2. The multi-agent reinforcement learning method based on value decomposition and attention mechanism as claimed in claim 1, wherein in step (1), said Critic network comprises GRU recurrent neural network for memorizing historical status and action information;

each agent will locally history information tau_iAs input, firstly, history information is coded through a single-layer full-connection layer and input into a GRU network; the GRU network transmits the hidden layer information h of the previous moment_tSplicing with the output of the previous layer to generate hidden layer information h at the next moment_t+1And the input of the next layer; and the full connection layer of the third layer generates the action probability distribution under the discrete action space of the intelligent agent.

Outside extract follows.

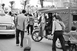 非法营运的摩的、人力三轮车不时穿插其中,卖水果的小商小贩也见缝插针,鸣笛声、叫卖声、市民的抱怨声此起彼伏。整个站前广场一横路,就像一个乱哄哄的农贸市场。这是16日上午11时,海南日报记者在东环海口东站站前广场看到的情景。

3. The multi-agent reinforcement learning method based on value decomposition and attention mechanism as claimed in claim 1, wherein in step (1), the Critic network comprises an attention network and a Mixing network;

4. The multi-agent reinforcement learning method based on value decomposition and attention mechanism as claimed in claim 3, wherein Q value of each agent

5. The multi-agent reinforcement learning method based on value decomposition and attention mechanism as claimed in claim 3, wherein the global Q value function Q_totThe formula of (1) is:

6. The multi-agent reinforcement learning method based on value decomposition and attention mechanism as claimed in claim 5, wherein in step (4), Q is applied_totThe formula for calculating the loss function using the time-series difference method is:

loss_Q_tot(s)＝(Σ_ir_i+Q′_tot(s)-Q_tot(s))

7. The multi-agent reinforcement learning method based on value decomposition and attention mechanism as claimed in claim 5, wherein in step (5), the dominance function formula is:

A(s)＝Q_tot(s)-E[Q_tot(s)]

8. The multi-agent reinforcement learning method based on value decomposition and attention mechanism as claimed in claim 1, characterized in that in step (5), the Actor network of each agent adopts a parameter sharing method when updating the parameters of the Actor network.